What you need to do
Write again exactly the lines in the listing below, starting at the line with "3.705CT PINKISH RED" and ending at the line with "二樓展示廳設(shè)計師以", both included. Pictures are not copied.

Exercise data

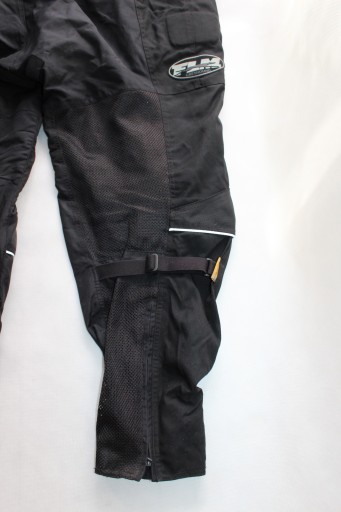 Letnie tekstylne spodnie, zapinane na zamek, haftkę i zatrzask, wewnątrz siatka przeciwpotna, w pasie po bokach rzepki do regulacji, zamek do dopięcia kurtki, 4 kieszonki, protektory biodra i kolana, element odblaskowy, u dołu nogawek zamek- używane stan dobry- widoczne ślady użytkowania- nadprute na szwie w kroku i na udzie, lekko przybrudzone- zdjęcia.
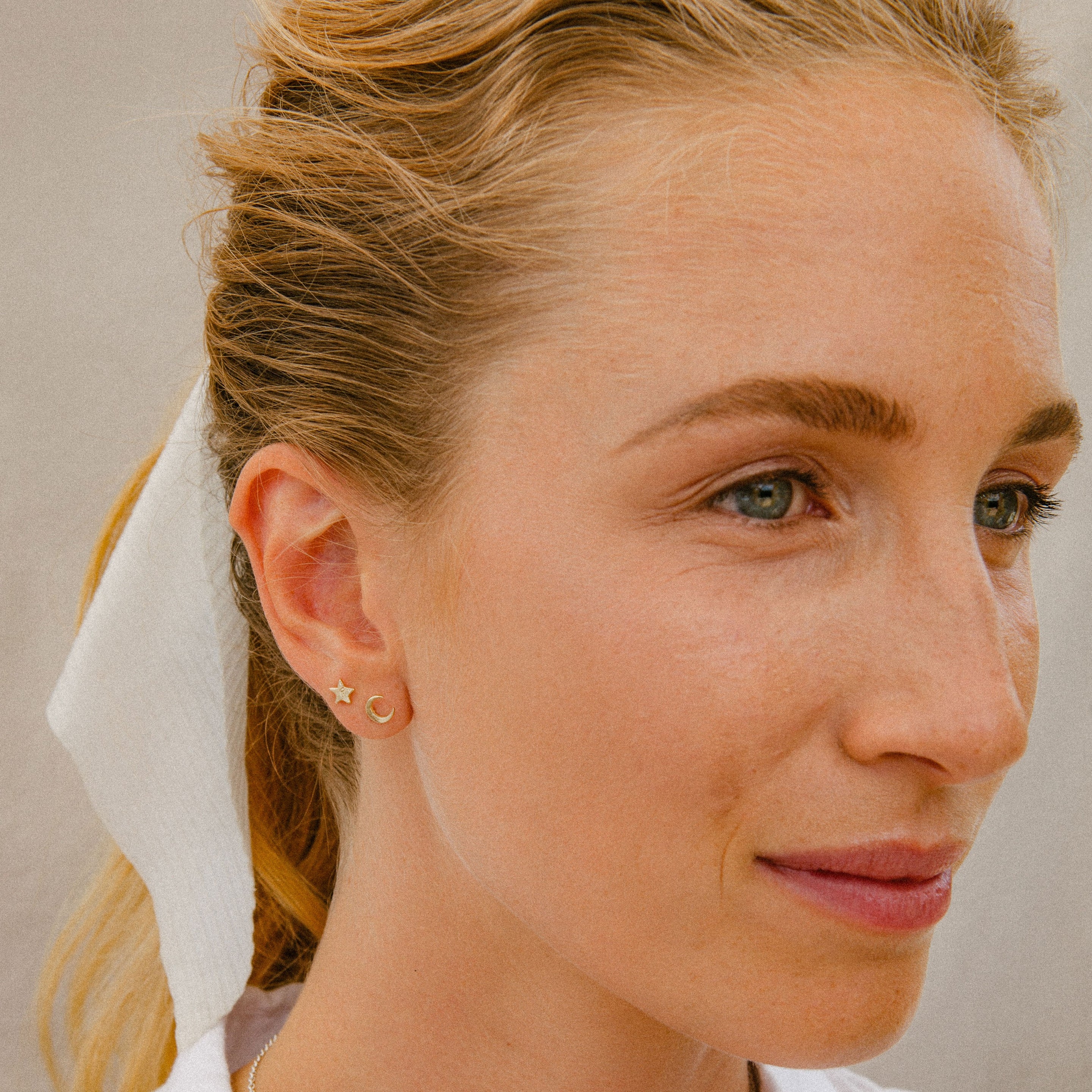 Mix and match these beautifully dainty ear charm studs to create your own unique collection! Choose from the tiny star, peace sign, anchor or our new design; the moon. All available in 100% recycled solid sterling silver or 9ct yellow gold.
* * *
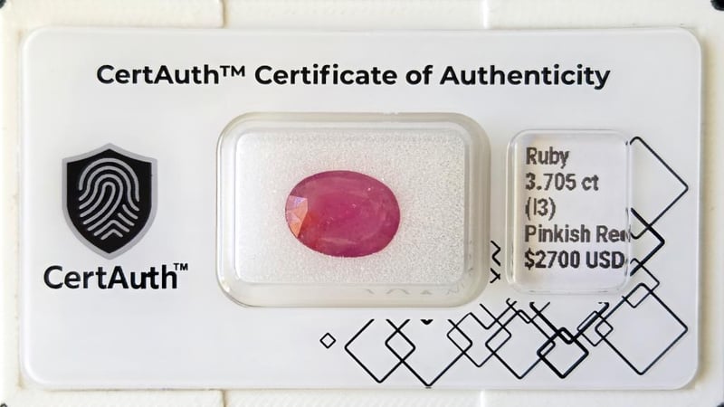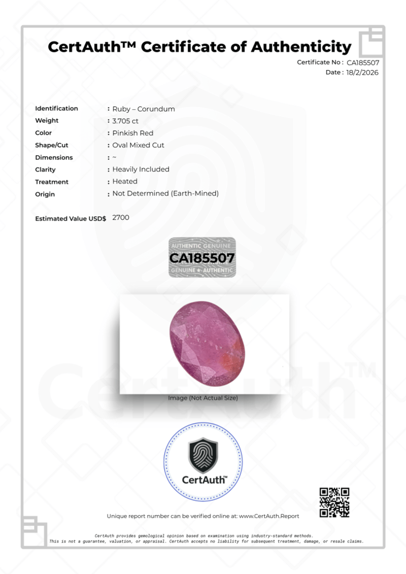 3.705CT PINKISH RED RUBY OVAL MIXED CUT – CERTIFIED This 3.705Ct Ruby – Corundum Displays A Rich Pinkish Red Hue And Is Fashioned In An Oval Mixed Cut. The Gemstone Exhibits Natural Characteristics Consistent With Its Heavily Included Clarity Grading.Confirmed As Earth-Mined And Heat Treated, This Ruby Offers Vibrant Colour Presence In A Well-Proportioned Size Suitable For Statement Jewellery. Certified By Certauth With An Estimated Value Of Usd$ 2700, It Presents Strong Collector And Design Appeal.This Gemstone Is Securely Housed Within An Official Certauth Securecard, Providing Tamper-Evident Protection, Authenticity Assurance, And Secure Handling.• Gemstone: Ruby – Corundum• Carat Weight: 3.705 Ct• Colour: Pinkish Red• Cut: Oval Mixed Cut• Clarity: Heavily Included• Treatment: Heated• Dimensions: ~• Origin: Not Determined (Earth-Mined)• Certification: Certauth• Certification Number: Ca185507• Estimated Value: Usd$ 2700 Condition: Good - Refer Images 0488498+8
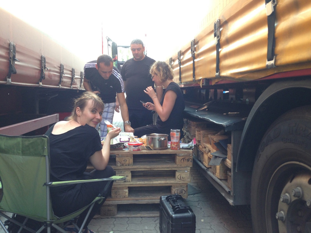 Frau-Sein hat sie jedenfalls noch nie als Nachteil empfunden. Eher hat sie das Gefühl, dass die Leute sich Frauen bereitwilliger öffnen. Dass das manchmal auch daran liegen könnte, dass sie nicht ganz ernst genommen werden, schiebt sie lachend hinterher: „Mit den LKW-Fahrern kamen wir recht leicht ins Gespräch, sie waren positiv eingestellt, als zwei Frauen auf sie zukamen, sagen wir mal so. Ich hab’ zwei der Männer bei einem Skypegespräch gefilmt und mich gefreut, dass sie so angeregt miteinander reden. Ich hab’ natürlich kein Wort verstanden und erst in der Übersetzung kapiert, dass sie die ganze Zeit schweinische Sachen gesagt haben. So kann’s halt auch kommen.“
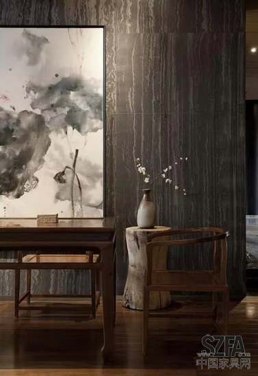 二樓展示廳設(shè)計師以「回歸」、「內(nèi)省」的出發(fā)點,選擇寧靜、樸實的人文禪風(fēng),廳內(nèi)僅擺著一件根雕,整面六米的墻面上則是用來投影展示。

Exercise answer
 3.705CT PINKISH RED RUBY OVAL MIXED CUT – CERTIFIED This 3.705Ct Ruby – Corundum Displays A Rich Pinkish Red Hue And Is Fashioned In An Oval Mixed Cut. The Gemstone Exhibits Natural Characteristics Consistent With Its Heavily Included Clarity Grading.Confirmed As Earth-Mined And Heat Treated, This Ruby Offers Vibrant Colour Presence In A Well-Proportioned Size Suitable For Statement Jewellery. Certified By Certauth With An Estimated Value Of Usd$ 2700, It Presents Strong Collector And Design Appeal.This Gemstone Is Securely Housed Within An Official Certauth Securecard, Providing Tamper-Evident Protection, Authenticity Assurance, And Secure Handling.• Gemstone: Ruby – Corundum• Carat Weight: 3.705 Ct• Colour: Pinkish Red• Cut: Oval Mixed Cut• Clarity: Heavily Included• Treatment: Heated• Dimensions: ~• Origin: Not Determined (Earth-Mined)• Certification: Certauth• Certification Number: Ca185507• Estimated Value: Usd$ 2700 Condition: Good - Refer Images 0488498+8
 Frau-Sein hat sie jedenfalls noch nie als Nachteil empfunden. Eher hat sie das Gefühl, dass die Leute sich Frauen bereitwilliger öffnen. Dass das manchmal auch daran liegen könnte, dass sie nicht ganz ernst genommen werden, schiebt sie lachend hinterher: „Mit den LKW-Fahrern kamen wir recht leicht ins Gespräch, sie waren positiv eingestellt, als zwei Frauen auf sie zukamen, sagen wir mal so. Ich hab’ zwei der Männer bei einem Skypegespräch gefilmt und mich gefreut, dass sie so angeregt miteinander reden. Ich hab’ natürlich kein Wort verstanden und erst in der Übersetzung kapiert, dass sie die ganze Zeit schweinische Sachen gesagt haben. So kann’s halt auch kommen.“
 二樓展示廳設(shè)計師以「回歸」、「內(nèi)省」的出發(fā)點,選擇寧靜、樸實的人文禪風(fēng),廳內(nèi)僅擺著一件根雕,整面六米的墻面上則是用來投影展示。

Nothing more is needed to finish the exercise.